Sunday, March 14, 2010

DISEASE KILLS 61 HORSES (PAGE 32, MARCH 15, 2010)

An outbreak of African Horse Sickness in parts of Accra, which threatens to wipe out the country’s horse population, has been detected by the Veterinary Services Division of the Ministry of Agriculture (MoFA).
The disease, which was detected in January, this year, had so far killed 61 horses.
To check the spread of the disease to other parts of the country, MoFA has declared Accra Polo Club, Burma Camp and the Race Turf Club as the infected areas to enable the Veterinary Services to carry out quarantine measures.
Additionally, the ministry is taking census of horses and donkeys in the country alongside a mass vaccination exercise to enable the Veterinary Services Division to take stock of the toll of the disease on horses and take measures to avoid reoccurrence of the terrible disease.
Dr Andy Alhassan, Research Officer in charge of Disease Diagnosis of the Veterinary Services Division of MoFA, told the Daily Graphic that sometime back in January, the Accra Polo Club reported to the Veterinary Services of the appearance of a strange disease that was killing their horses.
Dr Alhassan said a series of post-mortem were carried out on the dead horses and the samples sent to the World Reference Laboratory in the United Kingdom for analysis which confirmed the suspicion by veterinary doctors that the horses died of African Horse Sickness.
He said the report from the World Reference Laboratory confirmed that it was African Horse Sickness and the strain was Type 11.

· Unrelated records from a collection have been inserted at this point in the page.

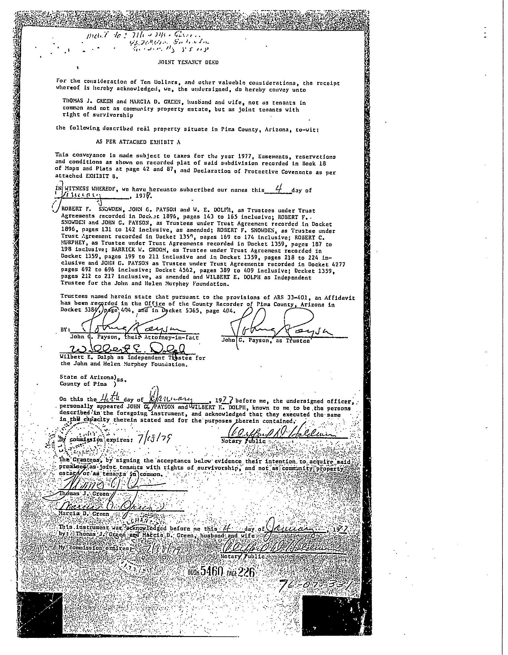 Mailing Address : 4913 N Via Serenidad, Tucson AZ 85718-5717 C034
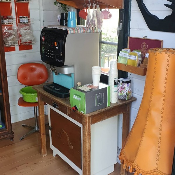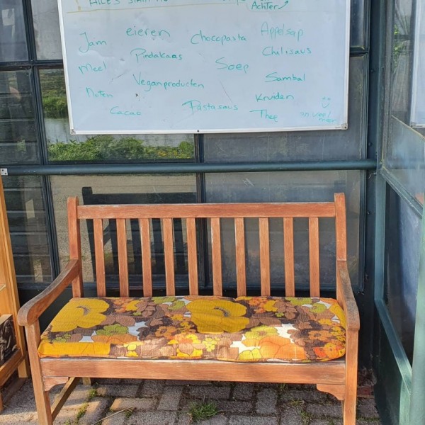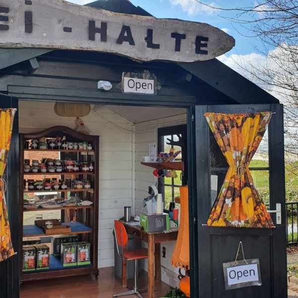 Aan het fietsen of wandelen aan het Achterdiep Noordzijde in Sappemeer? Neem dan een kijkje bij onze nieuwe Rustpunt  De Ei Halte met een MiniBieb om even een boekje door te bladeren en/of mee te nemen (of te brengen, natuurlijk), met een bankje, water, koffie, thee tegen kleine vergoeding, een ijsje in de zomer en niet te vergeten, met een winkeltje met kakelverse eieren, kruiden , zelfgemaakt jammetjes, chocopastas, pindakaas , sausjes en zoveel meer wat ook allemaal zelf gemaakt en gekweekt is. De uitstraling van het winkeltje is al een bezienswaardigheid op zich: ‘vintage’ noem je dat – jaren zeventig, ‘foute’ kleuren, lampen die zo lelijk zijn dat ze weer mooi worden.
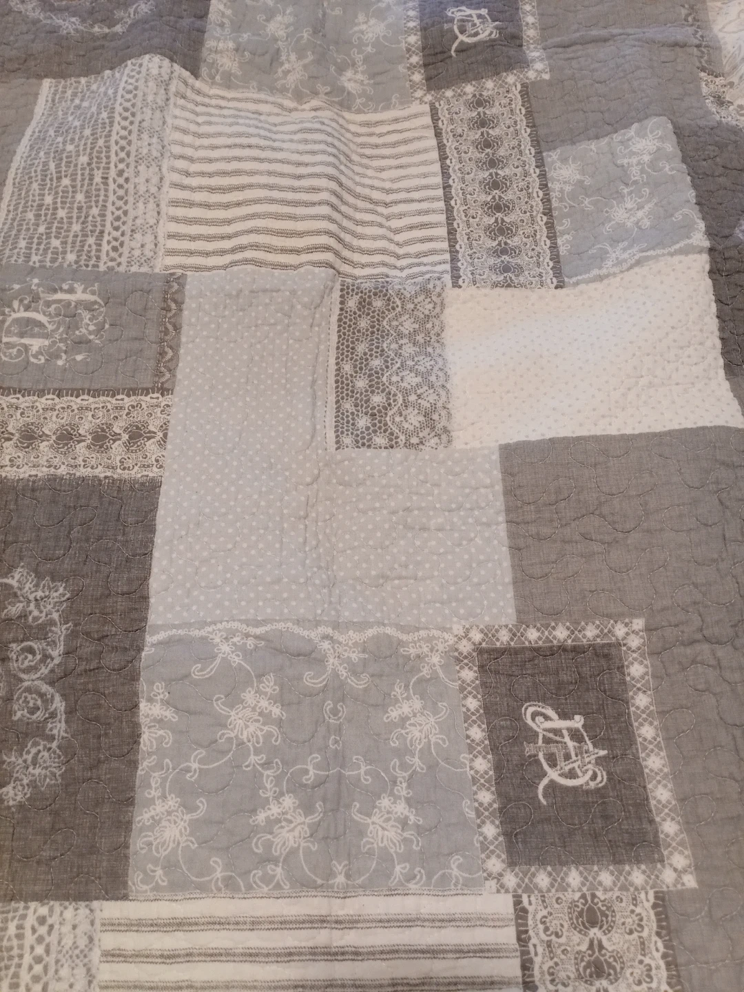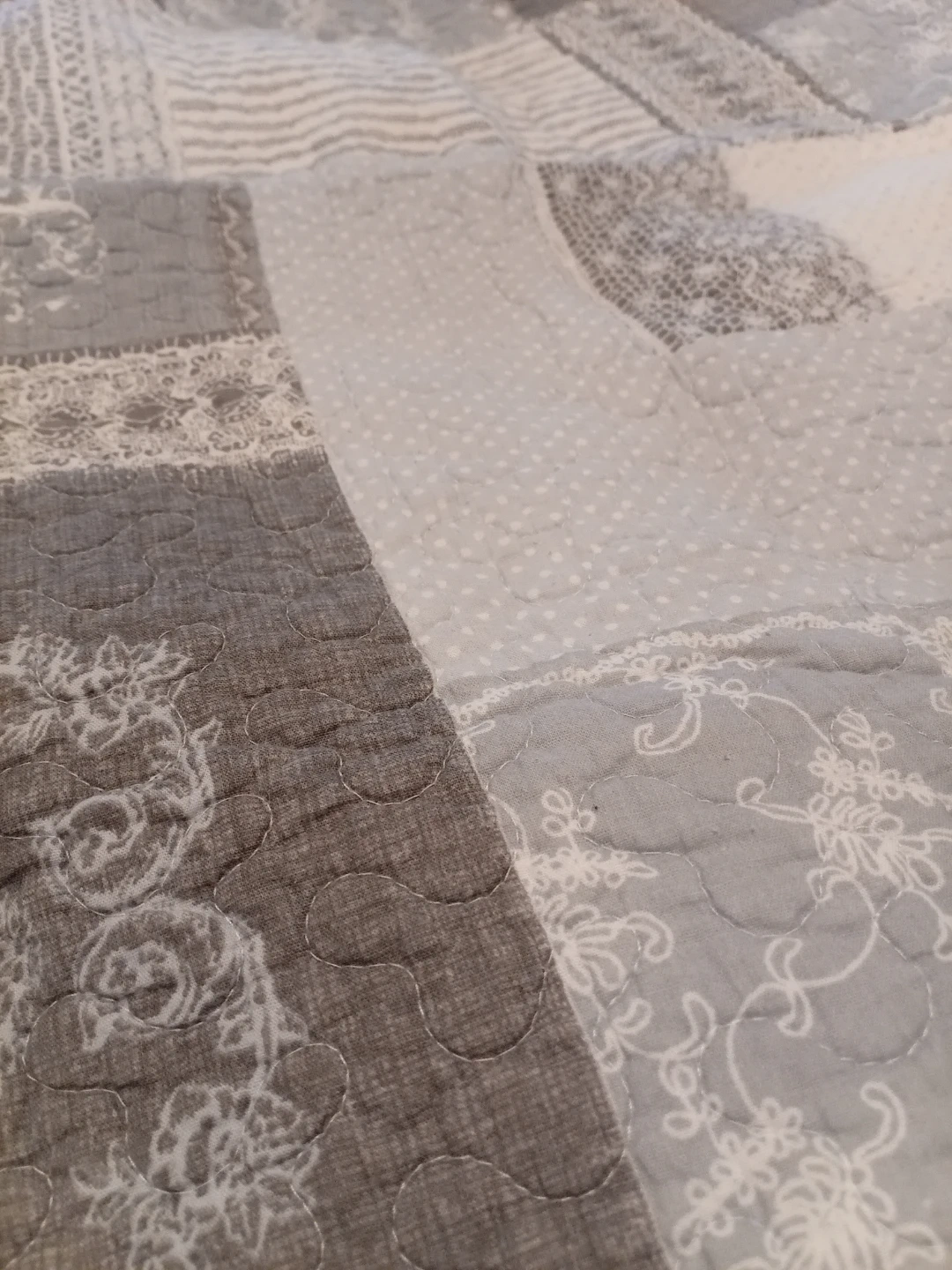 This is a lovely patchwork quilt set featuring a calming grey and white colour palette. It has a soft texture with various fabric patterns stitched together. It's a great way to add a cozy and decorative touch to your bedroom!
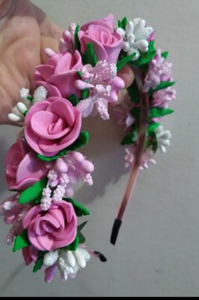 Рожеві трояндочками з фоамірану ручної роботи, на тонкому металевому обідку.
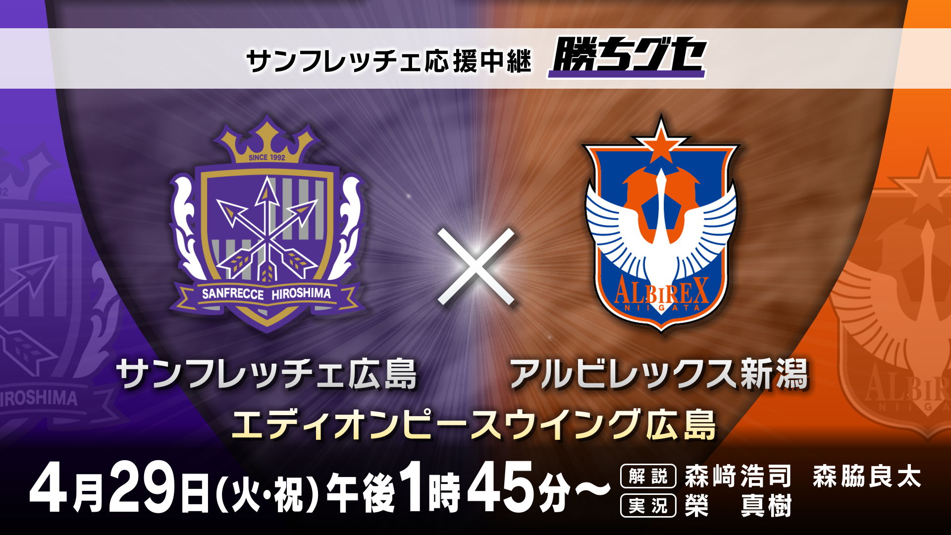 【広島ホームテレビ】4月29日(火・祝) 午後1時45分~ VS 新潟戦
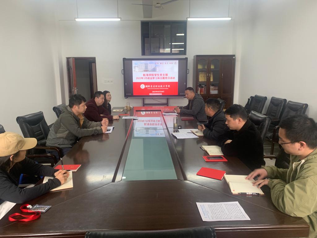 根据学校组织部《关于2023年3月份支部主题党日活动安排和政治学习的通知》要求,结合航海学院学生党支部工作实际情况,3月29日下午,航海学院学生党支部全体党员在党员活动室开展了政治学习和以《奋力当好建设先行区的开路先锋》为主题的党日活动。
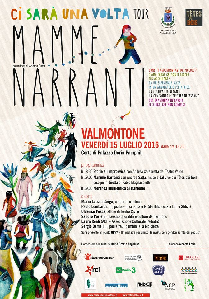 “Ci sarà una volta tour – Mamme narranti” è un progetto straordinario ideato dal pediatra Andrea Satta, voce e anima dei Tetes de Bois, che nasce dall’idea di raccogliere le storie che raccontano le mamme per addormentare i loro bambini, quelle che vengono tramandate di bocca in bocca, di orecchio in orecchio, di cuore in cuore. “Mamme narranti – Ci sarà una volta tour” è anche un Festival e un momento di incontro e inclusione che mette al centro le favole. Sullo stesso palco artisti e mamme, medici, scienziati e intellettuali, per sottolineare e recuperare il valore del racconto e della voce materna e, proprio a partire da questo, per coltivare l’idea di un mondo più accogliente. A sostegno e complemento dell’esperienza, Andrea Satta ha già pubblicato due libri di cui l’ultimo Mamma, quante storie!, edito da Treccani, con le illustrazioni di Sergio Staino e Fabio Magnasciutti, è stato recentemente presentato al Salone del Libro di Torino.
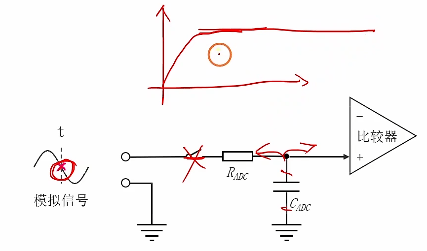 假设本次输入信号的电压为2.21V,采样保持电路的开关闭合, C A D C C_{ADC} CADC 充电。

He said as a result, MoFA had placed orders to procure polyvalent vaccines from South Africa to vaccinate all horses and donkeys against all the nine strains.

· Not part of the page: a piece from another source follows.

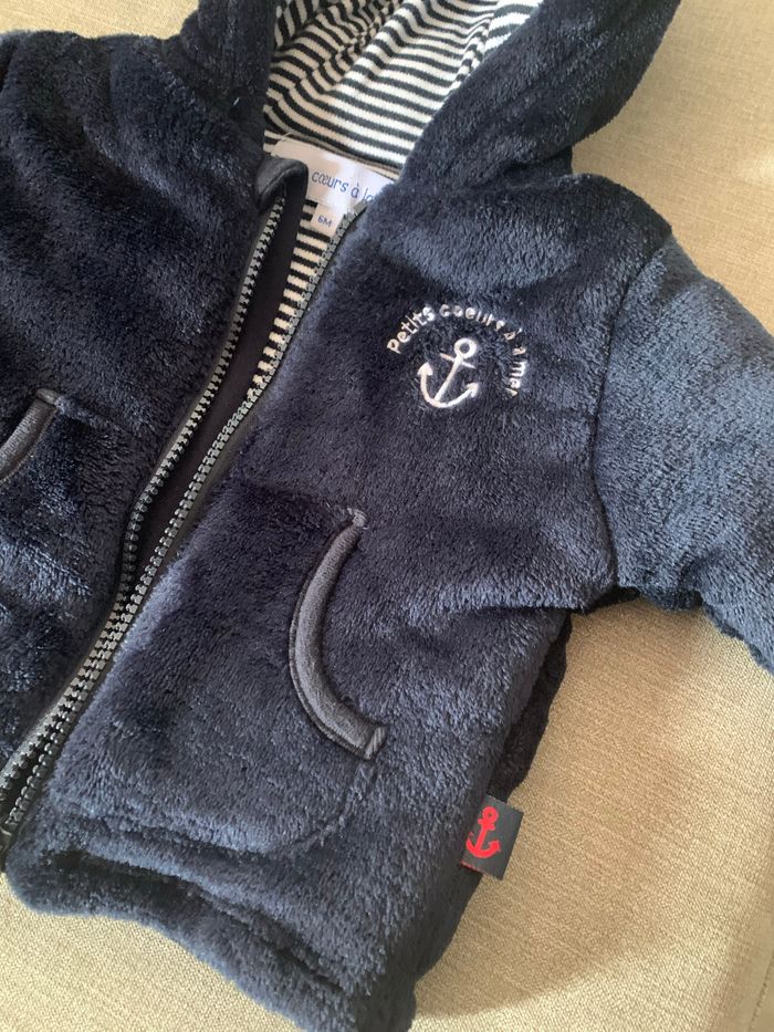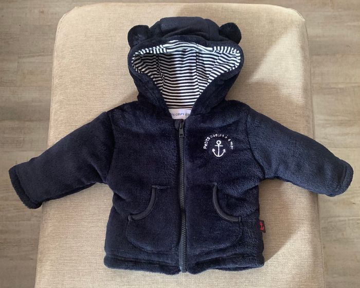 Jolie petite veste bleu marine toute douce Épaisse, elle tient chaud Petites oreilles sur la capuche De la marque petit cœur à la mer

He, therefore, urged the general public not to move animals from the affected areas but to take preventive measure, such as the spraying of their surroundings, against the blood sucking insects known as cullicodes, suspected to be the causative agents of the disease.
He said even though the disease, which was deadly in horses, was not so deadly in donkeys, the danger was that the donkey could be a carrier that could transmit the disease to the horses with a devastating effect.
Dr Alhassan appealed to people importing animals into the country to first come for import permit to enable the Veterinary Services to monitor such imported animals for two weeks before releasing them.